The first one is sauerkraut. It is my first deliberately fermented food. A huge cabbage head came in our CSA box a couple of weeks ago. What to do with it? As I was reading Sandor Katz’s The Art of Fermentation, I couldn’t resist.

My mom and I went looking for a good crock, but all the right shapes we found (in non-specialty stores) had questionable glazes. Always know what glaze is on your cookware, and especially make sure there is no lead in it.

In the end we went with the ceramic liner of our crock pot.  We shredded the cabbage, layered it in the pot, with one tablespoon of salt on top of every inch of cabbage (except on the last layer), then submerged it in filtered tap water, crushing it down to get the air bubbles out, then weighed it with two plates, then a jar with water. We draped a towel over it so dust couldn’t get in.

It smelled something awful three days into the process, so I put it on the porch. The potent smell lasted a few days, then it became more neutral. On day 10 there was some surface mold, which was easily skimmed off. All the cabbage under the water surface was unaffected. It is now two weeks and it tastes delicious!  I think it’s ready!

I transferred the kraut with the brine into jars – careful to keep it all submerged – and put them in the fridge to eat it over the next couple of weeks.

I gave the chickens the large leaves that we put at the bottom and they are loving it!

The second ferment is comfrey liquor. No, it’s not  edible. At least, I wouldn’t drink it!

It took much longer to make. I started it in July. It required three buckets that fit into each other. The bottom one captures the liquid which drips down through the holes in the second bucket, which I stuffed with comfrey leaves from my garden. I have a comfrey patch right across from the chicken coop. The chicken, by the way, love to eat it. On top of the leaves I put a heavy paver and then on top of that a third bucket heavy with sand. I stood this in the shed for a couple of months. I checked it a month later and it was pretty bubbly, but it didn’t smell,  even though my internet sources say it should stink to high heaven! I swear I took a picture then, but I can’t find it. This was the state today:

Now a little over two months into the process, the  leaves (left in the picture above) are just fiber. The  liquid (right) is no longer bubbly, and it doesn’t smell. It’s a coffee brown-black and somewhat viscous.

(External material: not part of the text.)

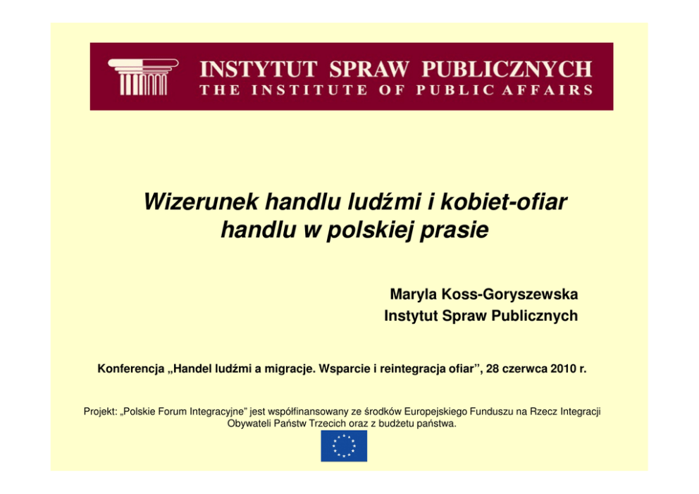 Wizerunek handlu ludźmi i kobiet-ofiar handlu w polskiej prasie Maryla Koss-Goryszewska Instytut Spraw Publicznych Konferencja „Handel ludźmi a migracje. Wsparcie i reintegracja ofiar”, 28 czerwca 2010 r. Projekt: „Polskie Forum Integracyjne” jest współfinansowany ze środków Europejskiego Funduszu na Rzecz Integracji Obywateli Państw Trzecich oraz z budżetu państwa. Przedmiot analizy: Wszystkie publikacje, w których ukazała się wzmianka o handlu ludźmi zamieszczone w dzienniku „Gazeta Wyborcza”, w jej lokalnych i tematycznych dodatkach, od stycznia 1991 r. do października 2009 r. → 353 publikacje Rodzaje analizy: • Analiza ilościowa • Analiza pola semantycznego • Analiza jakościowa Analiza ilościowa Liczba publikacji nt. handlu ludźmi w poszczególnych latach 60 50 40 30 20 10 20 09 20 08 20 07 20 06 20 05 20 04 20 03 20 02 20 01 20 00 19 99 19 98 19 97 19 96 19 95 19 94 19 93 19 92 19 91 0 In ne M ig ra cj P a rz es tę ps tw S o tu di W um yd ar of ze ia ry ni P a ra po w lit a yc zn kob ie oP t ku ra ltu w o, ra ln pr e ze pi sy pr aw ne In fo rm P ro ac st je yt uc nt .o ja rg .p oz H ar is z. to i z ria ag ro że ń Analiza ilościowa Kontekst badanych publikacji 250 200 150 100 50 0 Analiza pola semantycznego Metoda opiera się na wyszukaniu słów-kluczy, a następnie skategoryzowaniu ich względem funkcji, które pełnią w tekście rolę: • Określeń (jaki jest podmiot, jakimi cechami się charakteryzuje). • Asocjacji (z czym wiąże się podmiot). • Ekwiwalentów (czyli innymi słowy synonimów – wyrażeń, które zastępują słowa-klucze). • Opisu działań podmiotu (co robi podmiot, jak się zachowuje). • Opisu działań wobec podmiotu (jakie działania są podejmowane względem podmiotu). Określenia: Dużo potrafią Zostają zarażane Bez paszportu, bez pieniędzy, zastraszana Nie mają do kogo wracać Nie widzą innego sposobu na życie niż prostytucja Wiedzą, do jakiej pracy jadą Widziały głównie pegeerowską biedę Cierpią na syndrom „pretty woman” Wierzą, że trafi im się królewicz z bajki Mają podstawowe, góra – zawodowe wykształcenie Bezradne Naiwne Wierzyły, że jadą zbierać winogrona Znęcone wysokością obiecywanych zarobków Młode, naiwne dziewczęta Wiedziały od początku, na czym naprawdę miała polegać ich „praca” Wiedziały, w co się wpakowały Dotkliwie pokrzywdzone Asocjacje Handel dziewczynami Wywóz kobiet do zachodnich domów publicznych Handel żywym towarem Przydatność dziewczyn Uroda dziewczyn Pomoc pokrzywdzonym Sprzedaż kobiet Prostytucja i zorganizowany przemyt kobiet Drogowe prostytutki Rozebrana kobieta Uprawianie seksu przez osobę uwięzioną Szlaki przerzutu ofiar handlu Naiwność kobiet Stręczenie nieletniej kobiety Kupowanie kobiet ze wschodu Sprzedaż własnego ciała Lustracja panienek Kupować ciało kobiety Kupienie prostytutki Popyt na żywy towar Ochrona dóbr osobistych pokrzywdzonych Ekwiwalenty Dziewczyny do towarzystwa Pokrzywdzone kobiety Wykorzystywane kobiety Niewolnice Ofiary przymusowej prostytucji Dziewczyny bez nazwisk „Masażystki” Koleżanki po fachu Panienki Profesjonalne prostytutki Wesołe panie Kobiety do towarzystwa Panie na eksport Niewolnice seksu Przedmiot handlu Cudzoziemki trudniące się nierządem Sztuki Tirówki Hit eksportowy Przedmiot handlu między agencjami Niewolnice pracy Ludzki towar Towar wywozowy Żywy towar Opis działań podmiotu Wypinają pupy Kuszą Uciekły od opiekunów Musiały odrobić to, co w nie zainwestowano Trafiają do domów publicznych Boją się zemsty Zajmują się sprzedawaniem własnego ciała Po wypuszczeniu pewnie znowu wrócą na drogi Uprawiają prostytucję Tańczą Świadczyły usługi seksualne Pracowały na trasach wylotowych Granicę przechodziły z fałszywymi paszportami albo jechały ukryte w pociągu Zarabiały przy drodze Trafiały do domów publicznych lub wytwórni filmów pornograficznych Robiły to dobrowolnie Boją się dekonspiracji Chciała szybko „spłacić” dług Robiła, co jej kazali Opis działań wobec podmiotu Sprzedawane Zmuszane do uprawiania nierządu Zmuszane do prostytucji Uwiedzione i wywiezione Podstępnie uwiedzione Zabrane są im pieniądze Zostały wyekspediowane do pracy w domach publicznych na Zachodzie Sprzedane Dostarczone Bite Deportowane Kupowane Zgwałcone Więzione Werbowane Zapłacono za nie 2 tys. marek Sprzedawane do domu publicznego Zwabione Przekazane do domu publicznego Przetrzymywane siłą Terroryzowane Maltretowane Szprycowane narkotykami Analiza jakościowa – wyniki: • Handel ludźmi traktowany jest bardziej w kontekście sensacyjnego wydarzenia. Podane w publikacjach informacje dotyczą w zdecydowanej większości konkretnych wydarzeń kryminalnych. • Ofiary przedstawiane są niczym bohaterki powieści kryminalnych lub filmów akcji. • Profil społeczno-demograficzny ofiary na podstawie doniesień prasowych: jest to młoda (nastoletnia lub maksymalnie dwudziestokilkuletnia) kobieta, która pochodzi z niskich warstw społecznych, o niskim statusie materialnym, słabo wykształcona, z jednego z państw byłego bloku wschodniego lub, nieco rzadziej, z Polski. Analiza jakościowa – wyniki cd. • Dziennikarze koncentrują się głównie na cechach wyglądu zewnętrznego ofiar handlu kobietami. • Dziennikarze mają tendencje do eksponowania tych cech charakteru, które ich zdaniem zadecydowały o fakcie stania się ofiarą handlu, tzn. głupoty lub pazerności. • W wypowiedziach prasowych dominuje język stosunkowo prosty i bagatelizujący problem. • W kontekście handlu ludźmi często stosowana jest nomenklatura ekonomiczna i handlowa w odniesieniu do ofiar, tj.: „eksport” (czy też: „sekseksport”), „import”, „sprowadzanie”, „dostarczanie”, „ludzki towar”, „towar wywozowy”, „hit eksportowy”. Wnioski końcowe • Handel ludźmi jest zjawiskiem, które coraz silniej nagłaśniane i uwypukl

A 5 gallon bucket stuffed with leaves yielded a little under 5 cups of liquor.

I will fertilize the berry bushes with this or keep it in a dark, cool place until Spring. I’ll dilute it as it’s very concentrated: one part of liquor per fifteen or so parts of water. Comfrey’s deep roots mine and bring up  especially potassium – comfrey is actually one of the few organic sources of potassium.